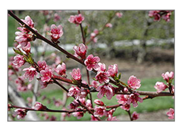
Reliance Peach flowers
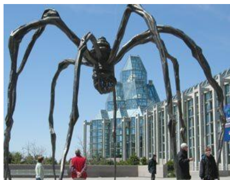
Canada's National Gallery and Maman
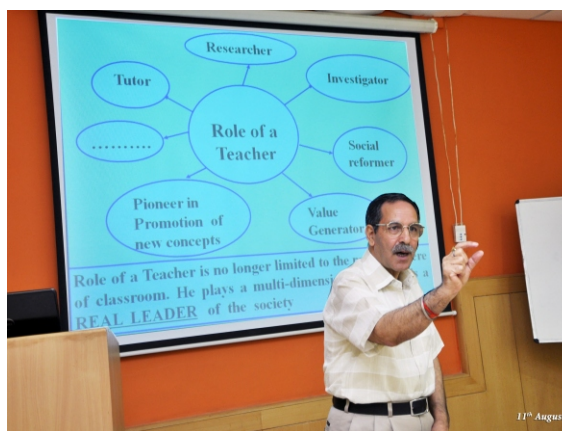
Director delivering Lecture to new faculty members at Induction Program

An Induction Program for newly recruited faculty was organized on August 11, 2012 which included an interactive session with the Director. There were five sessions in the program in which the newly recruited 27 faculty members belonging to various
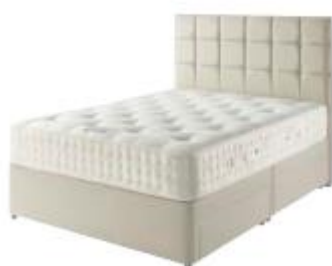
2 Large drawer set

To allow you to add valuable storage to your room Relyon offers two different drawer options on the padded top divan. If you do not require a divan with drawers we also offer non storage options.
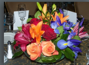
Floral centerpieces are always in fashion
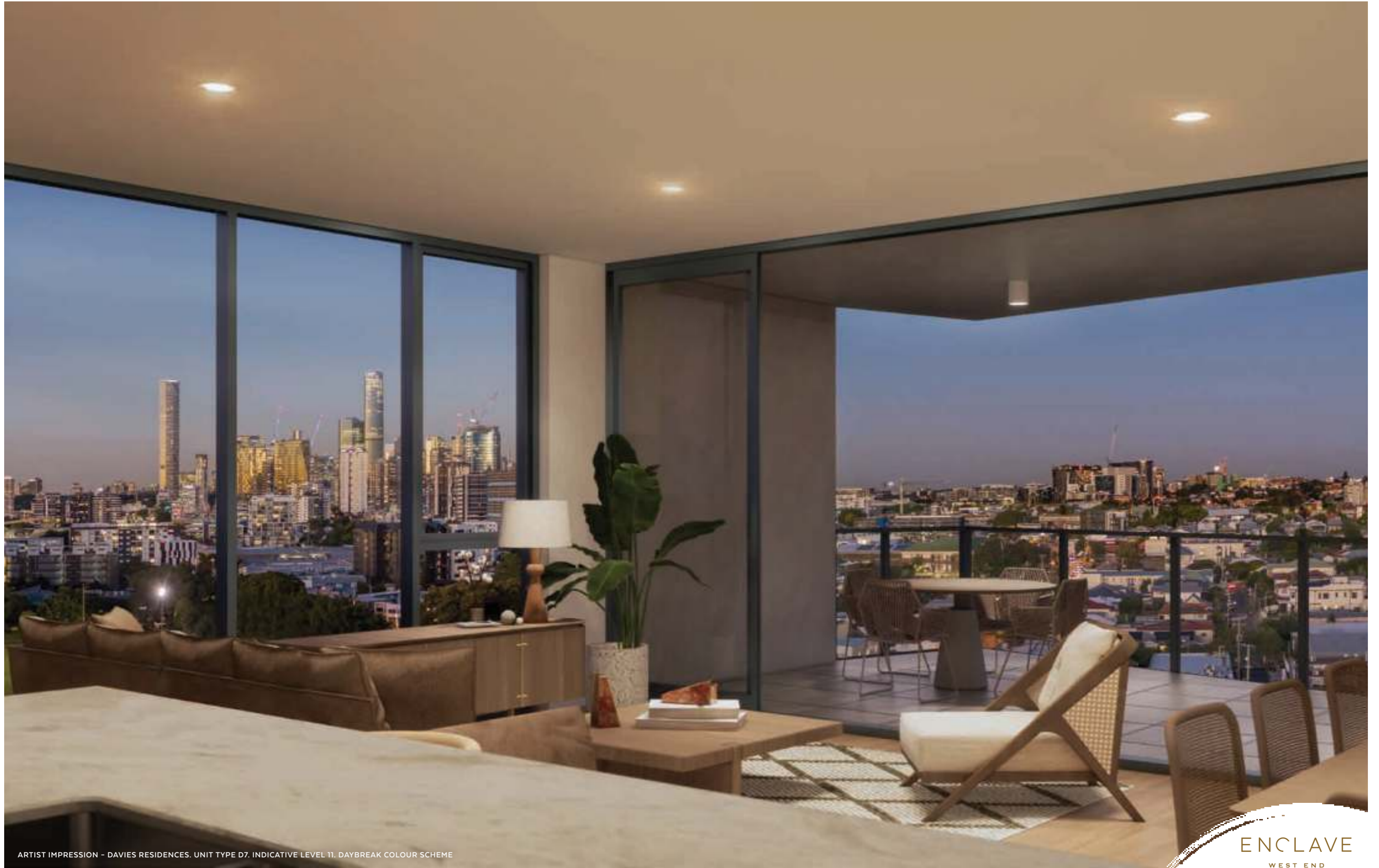
ARTIST IMPRESSION - DAVIES RESIDENCES. UNIT TYPE D7. INDICATIVE LEVEL 11. DAYBREAK COLOUR SCHEME
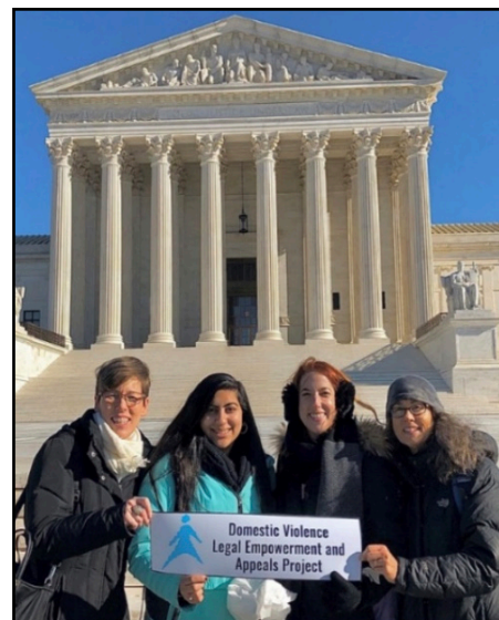
Staff Members of DVLeap in front of the US Supreme Court

The case briefs are recognized by national experts as effective training tools for attorneys representing and protecting battered mothers.

========================

From the material above, tally every line that includes the word "drawer" and state the count only.

# Exercise response
2